The oldest known surviving copy of the New Testament is being brought into the 21st century as parts of it will go online for the very first time. The full text of the Codex Sinaiticus will be available online approximately one year from now.

The Codex Sinaiticus is a 4th century text handwritten in Greek. The British Library plans to begin publishing the book online, beginning with The Gospel of Mark and the Book of Psalms, which will go online Thursday.

While translations of the Codex Sinaiticus have been widely available for some time, this is the first time that the pages of the manuscript will be able to be seen by a larger audience. Previously, the pages have been viewed up close mainly by those in academia.

As the pages are published online and the web site becomes operational, photographs of each page of the text will be shown, along with links to translations in English and German. A search function will make the manuscript searchable.

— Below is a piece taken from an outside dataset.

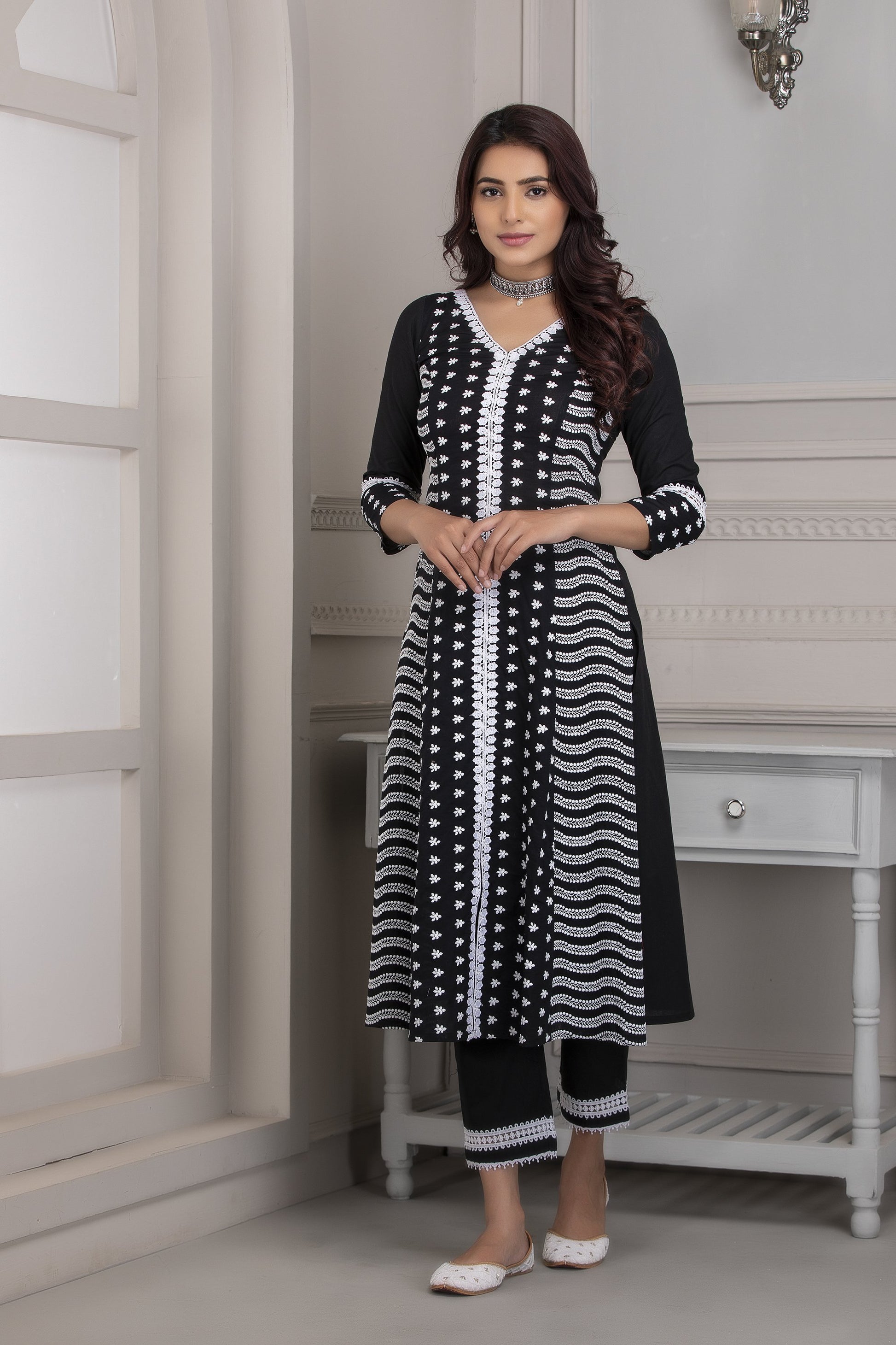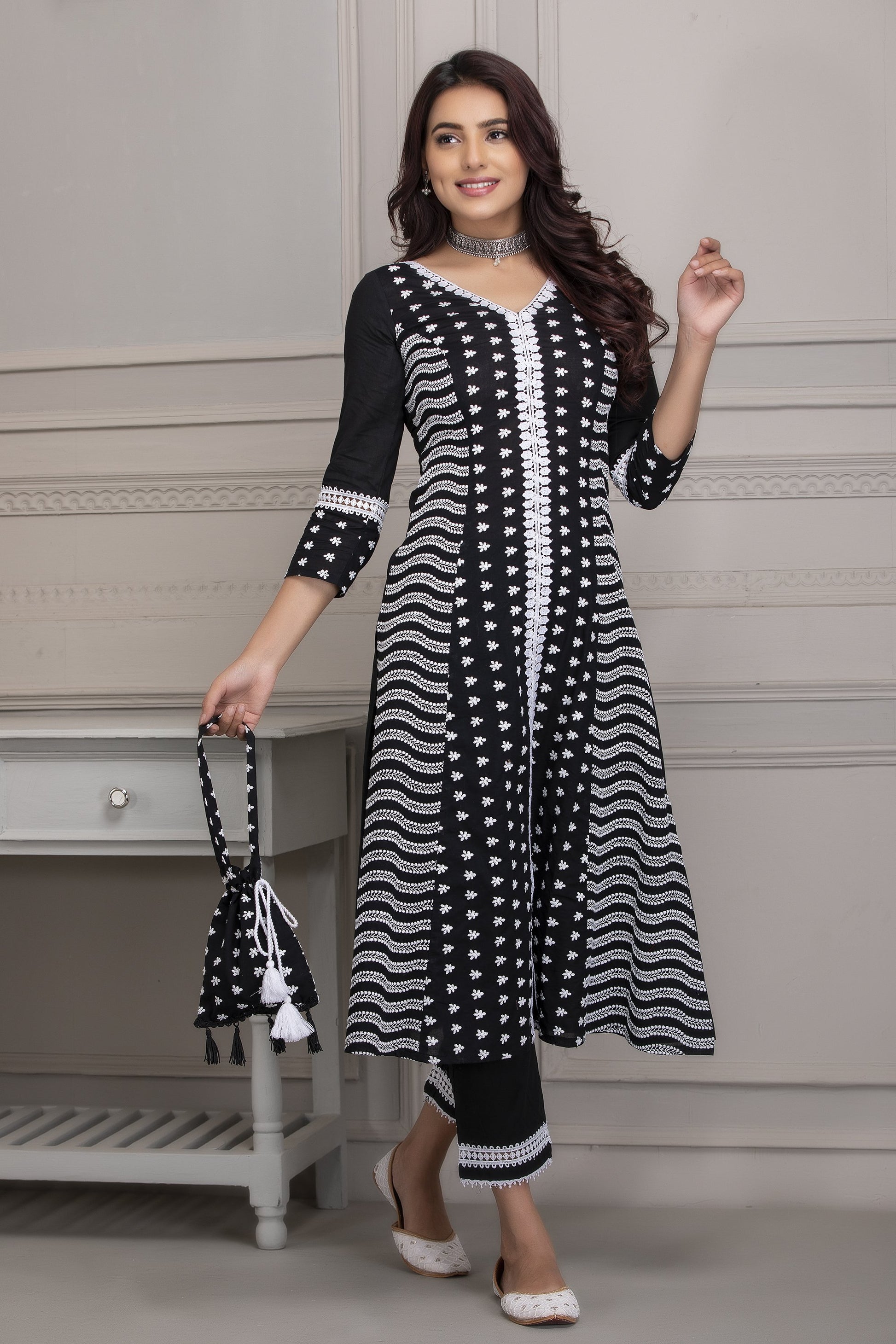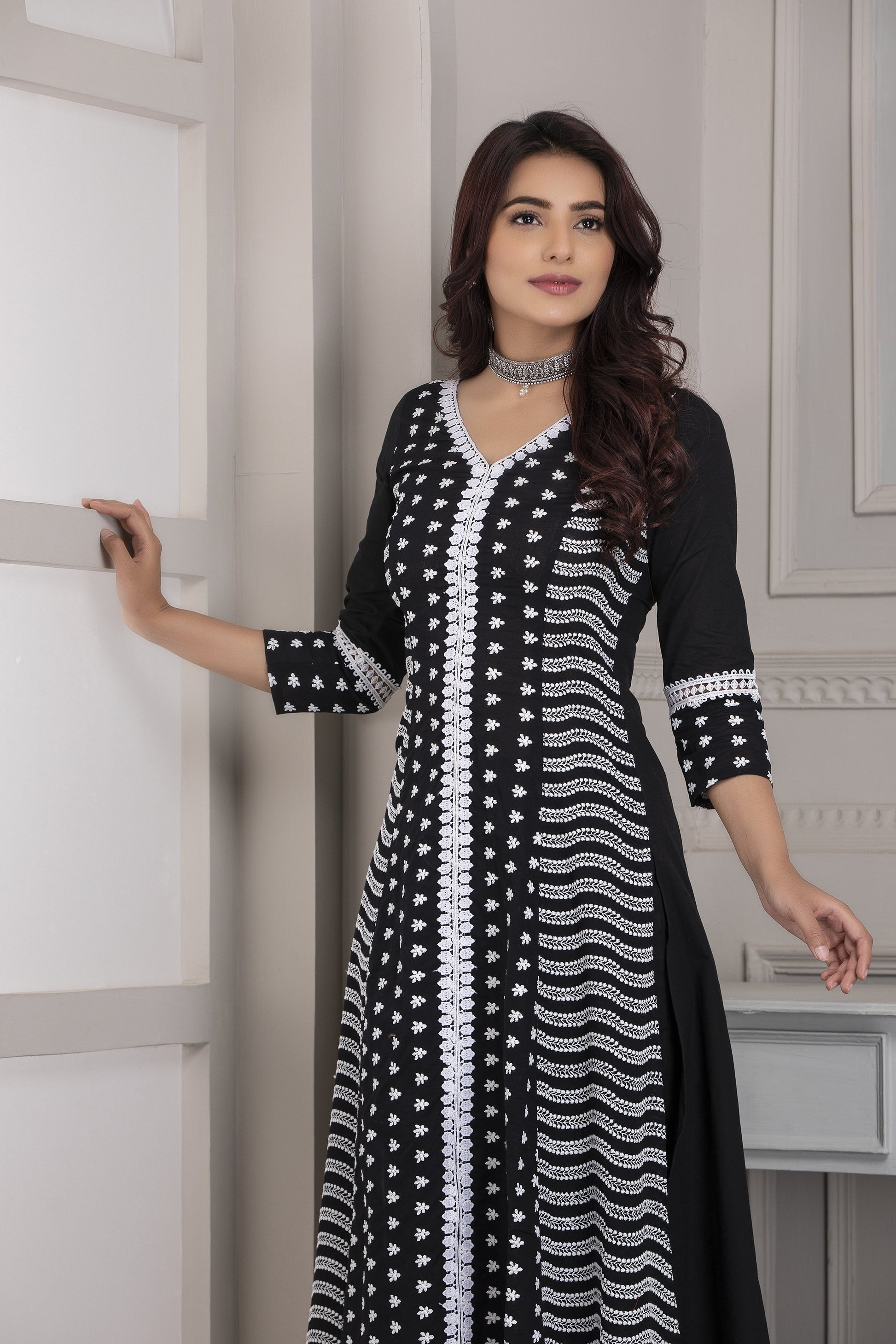Personify sheer grace and elegance, as we enter the festive season with our beautiful Black Embroidered Kurta enlivened with lace outlined on neck and stitched with a fusion of two embroideries highlighted with vertical lace detailing in the front. Creating a pattern play with black straight pants with lace detailing at hem . Paired together with silver jewelry and matching juttis create a stunning evening look.
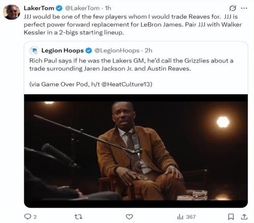 湖媒laker Tom转发里奇-保罗的言论后写道:3J是我愿意用里夫斯交易的几位球员之一,小贾伦可以完美取代勒布朗-詹姆斯大前锋的位置,今夏湖人队还可以签下沃克-凯斯勒组建一套顶级的双高阵容。

The Codex contains all of the New Testament, and also includes part of the Old Testament, and originally contained the entire text of the Christian Bible. It also includes Apocrypha, the 14 disputed books of the Old Testament which are typically omitted from the Protestant Bible. The Codex also contains two early Christian texts, "Epistle of Barnabas" and the "Shepherd of Hermas."

The British Library announced their plans to digitize the book three years ago. What makes it so difficult is that the 1,600 year old book resides in pieces in four different countries - the United Kingdom, Germany, Russia, and Egypt.

The complete book was formerly housed at the Monastery of St. Catherine in Sinai, Egypt. In the 19th century when it came to the attention of German scholar Constatine Tishendorf, he took parts of it to German and Russia. The British Library later bought a few hundred pages off the Russians.

In addition to the English and German translations, scholars hope to eventually translate the manuscript into Russian and modern Greek.